Friday, 28 September 2018
For a series built entirely around one character, the RoboCop films have a bizarre approach to continuity. The first entry was about a dead man encased in an armoured, metal coffin slowly unravelling from the programming that had been imposed on him. A key scene in Paul Verhoeven's film depicts this reanimated corpse looking at its face in a shard of broken glass. RoboCop, finally free of his bolted-on helmet, pores over lines and features as a way to come to terms with the ruin that has been made of him. Edward Neumeier and Michael Miner's screenplay even concludes with RoboCop discarding his branded identity to proudly declare that he should be known by his human name, Murphy.
RoboCop 2 backpedalled with a lead character who shunned the vestiges of his former life to wrap himself up in duty and his hyper-alloy chassis.
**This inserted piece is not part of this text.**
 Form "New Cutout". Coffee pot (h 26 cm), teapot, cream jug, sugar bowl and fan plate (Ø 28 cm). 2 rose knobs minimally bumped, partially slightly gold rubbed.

Perhaps being a post-human unable to pursue anything meaningful beyond his job was simply too painful? RoboCop 3 goes even further, beginning with a hero who behaves like a lobotomised toy - complete with action accessories - only dimly aware of the connections he made before his death. Part of the problem is the need for an arc, per the three-act mandate, RoboCop must grow and change to satisfy the audience. There's no need for this recap-cum-reset though, RoboCop 3 is even more future-shocked than the first two films.
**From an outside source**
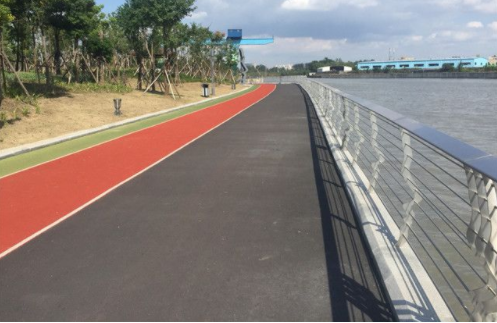 苏州河边的亲水道被设置成三种颜色,黑色的沥青道提供给骑行一族,红色和绿色的塑胶道,则是提供给散步和跑步的人群。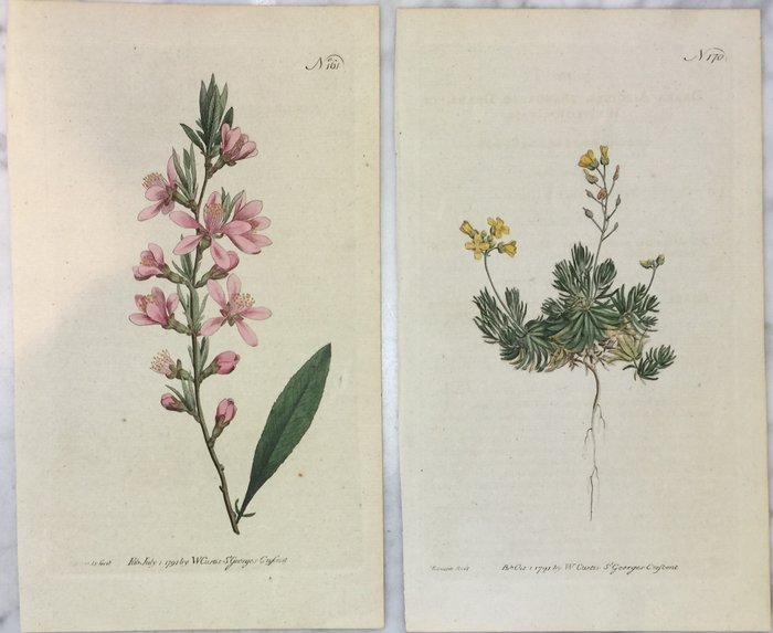 Lot van 8 handgekleurde gravures uit The Botanical Magazine van William Curtis. De gravures dateren uit de periode 1788-1792. Het gaat om de volgende platen: 61, 62, 149, 160, 161, 170, 172 en 175. De foto's maken deel uit van de beschrijving.

To make way for OCP's prefab future, American citizens are being packed onto buses by South African mercenaries to be driven to God-knows-where. Their crime? Being poor. That's really the only transgression the film requires. RoboCop abandoning the hopelessly compromised police force to embrace a less collectivised idea of civic service is more than strong enough to build a film around. Director Fred Dekker's threequel, working from a screenplay co-written with chronic worrier Frank Miller, feels revised and re-worked to the point of having lost its basic shape. Scenes in which Robo surveys children being roughed up by the hired goons of corporate America are included to prickle this robot's latent, submerged emotions, rather than prompt the deep-seated revulsion felt by a person who has fought hard to regain their own humanity.
The transition that powers Murphy's story needs to come from the undead police officer's decision to stop collaborating with the corrupt ruling class and become, essentially, a folk hero. The strength of this idea is dampened and distorted by the clattering mechanics of Murphy's clumsy, needlessly synthetic portrayal. Although there's power in Robert DoQui's Desk Sergeant turning in his badge to join the revolution, the film's failures are compounded by Orion's determination to ease off the shredded flesh in pursuit of a family friendly cinema rating. RoboCop's bubbling rage can no longer be expressed through his trademark ultra-violence. Having discovered that OCP's apartheid muscle are liquidating Detroit's working class, Murphy's response should be significantly stronger, and more cathartic, than simply wandering into the Afrikaan's staging area to set fire to their stationary.